Michigan has two laws (Public Act 70 of 1990 and Public Act 34 of 2001) intended to provide an early warning of fiscal distress. Together, these statutes contain 30 triggers that, if tripped, initiate a review process that can ultimately result in a state takeover of local government finances. In some cases, however, state officials were not alerted until serious difficulties had already occurred. To remedy this situation, the Michigan Department of Treasury contracted with the Institute for Public Policy and Social Research at Michigan State University to identify new measures that could better predict fiscal distress. (2) This article outlines the composite devised for Michigan and how it builds on previous work, including a composite measure proposed by Ken Brown and published in the December 1993 issue of Government Finance Review. (3)
SHORTCOMINGS OF MICHIGAN'S INDICATORS
Michigan's set of 30 indicators was viewed as ineffective on many fronts:
* Frequent, publicly available, and uniformly collected data do not exist for many of the triggers.
* Most of the triggers do not have theoretical validity, but instead focus on technical violations or requests for review.
* There is no degree of proportion reflected by the 30 triggers in the two acts. If a government is violating lust one of these conditions (by perhaps being a month late in delivering a financial report), then it appears to be as technically "fiscally distressed" as one that is in violation of several and more serious triggers. This provides little ability for early warning, since there is no sense of gradation in the level of distress that a government is experiencing.
* In terms of early warning, Michigan's indicators do not appear reliable from either a Type I (false positive) or Type II (false negative) standpoint. False positives could easily occur, and units headed for trouble could routinely escape detection even as they are headed for a fiscal emergency.
* Several, if not most, of Michigan's indicators are more suited to defining rather than predicting fiscal distress. By the time many of these triggers are violated, the government is in serious fiscal straits.
Although several other measures of fiscal distress were available, many suffered from limitations that prohibited their use for Michigan's purposes. (4) One of the measures that most closely approximated Michigan's needs was that presented by Brown 10 years ago in Government Finance Review. (5) In the few states that monitor and evaluate local government financial condition through ratio indicators, Brown's index has been explicitly acknowledged as influencing their system.
BROWN'S 10-POINT TEST
Brown suggested that 10 ratio measures be computed, equally weighted, and aggregated to provide an overall picture of a government's financial condition. Exhibit 1 shows the formulas for computing each of the 10 ratios. The ratios are computed for all of the local governments in a state and then assigned to quartiles. Governments receive points for each ratio depending on the quartile in which the ratio falls: two points for each ratio in Quartile 4 (75 to 100 percentile), one for Quartile 3(50 to 75 percentile), zero for Quartile 2(25 to 50 percentile), and minus one for Quartile 1 (0 to 25 percentile). Under this grading system, governments can earn as many as 20 points or as few as minus 10.

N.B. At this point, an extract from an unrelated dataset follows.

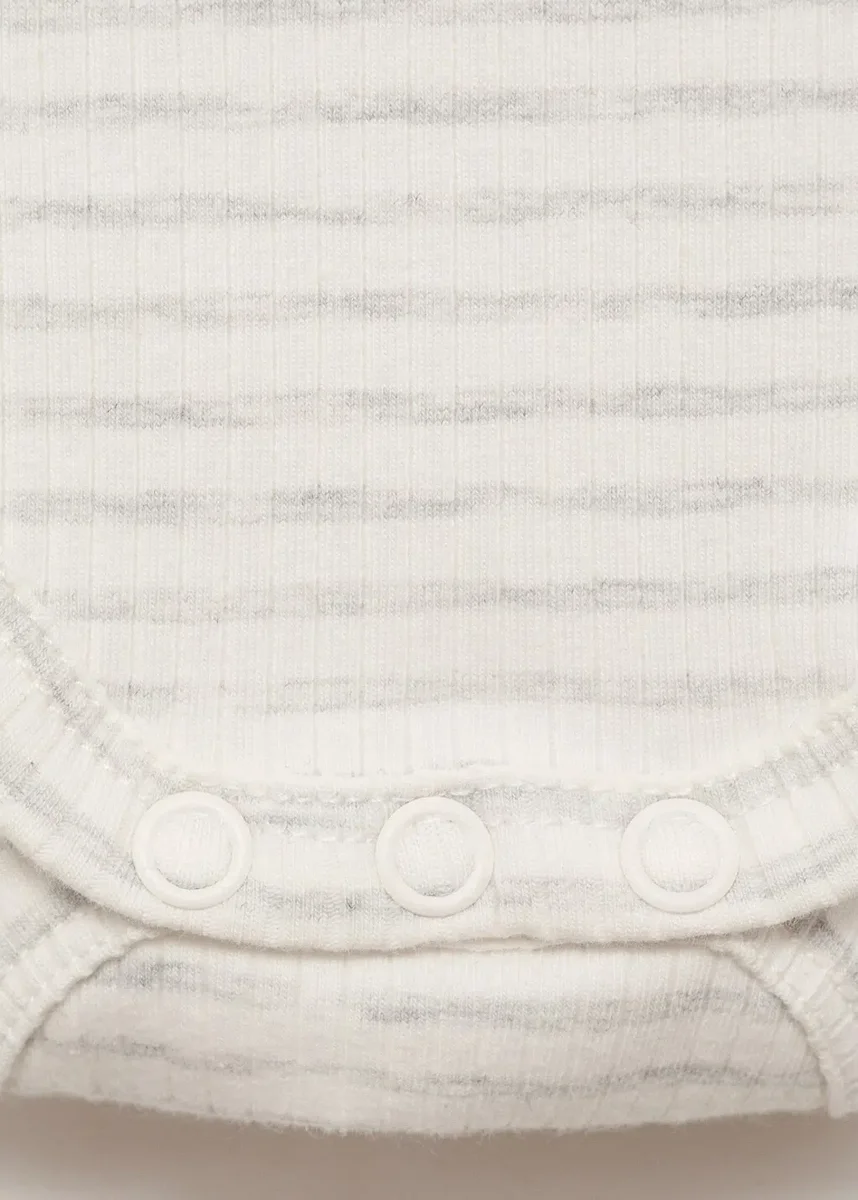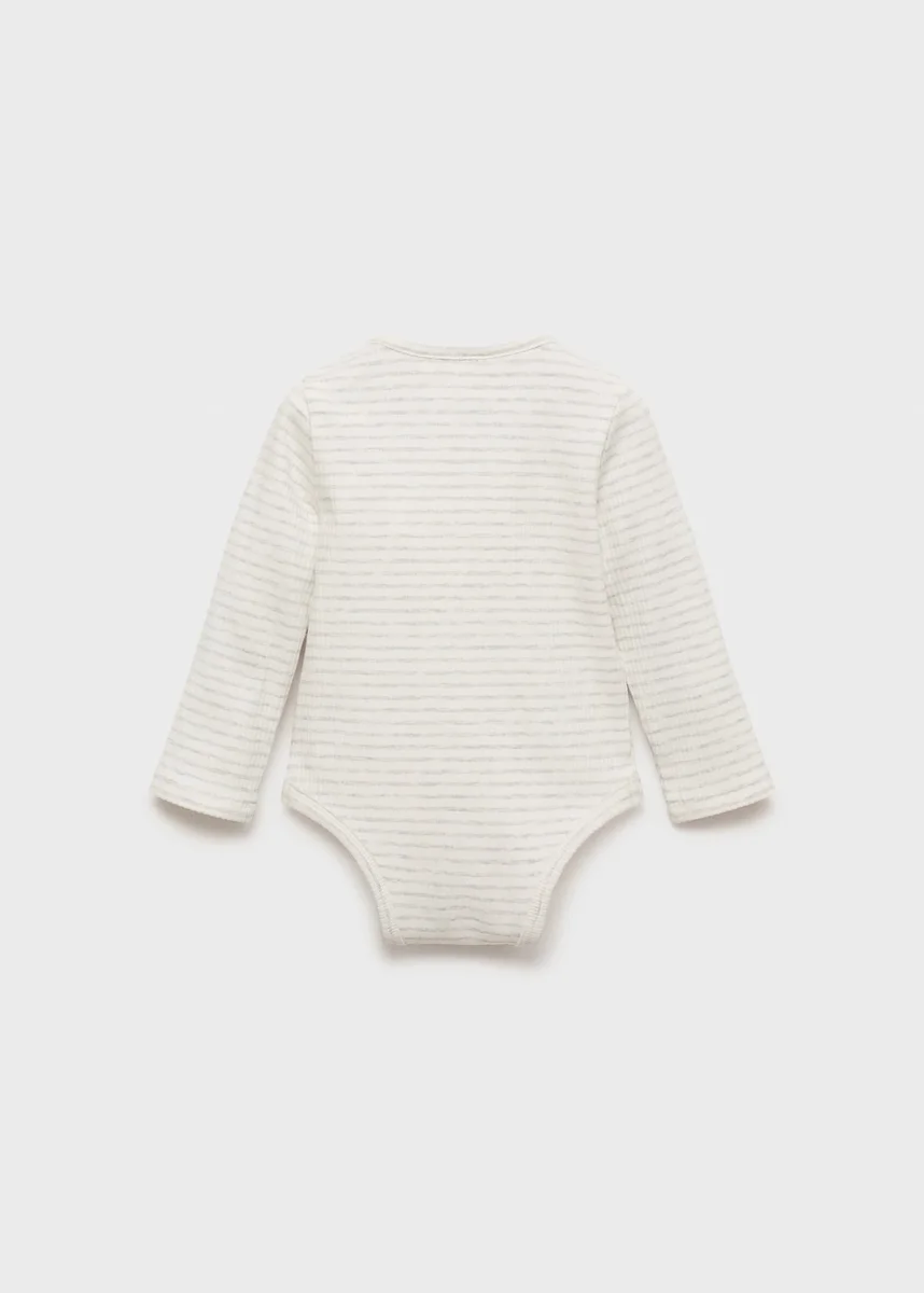 Realizzato in tessuto di cotone a righe, questo body presenta un collo rotondo con chiusura a bottoni. Ha maniche lunghe, una tasca applicata sul davanti e una chiusura a bottoni sull’orlo.

Brown's financial condition test provided a positive innovation in that it attempted to provide an overall assessment of local government financial condition using a straightforward test based on generally available data. While this test most closely approximated Michigan's needs for an early warning system, numerous practical and theoretical difficulties required that the state seek a different tool. Here we discuss some of the limitations of Brown's model.
Relativity. Brown's test rewards or punishes governments on a relative rather than on an absolute basis for the individual indicators. Governments in the top quartile are always rewarded and those in the bottom quartile are always penalized, regardless of their absolute merit. For example, even if all governments had large unreserved general fund surpluses (generally a desirable outcome), the Brown system would still penalize those with the smallest surpluses. Similarly, if all governments were running operating deficits, those with the smallest deficits would be awarded two points. A system that rewards or penalizes governments based on how their actions relate to fiscal distress in an absolute sense is more appropriate than Brown's 10-point test.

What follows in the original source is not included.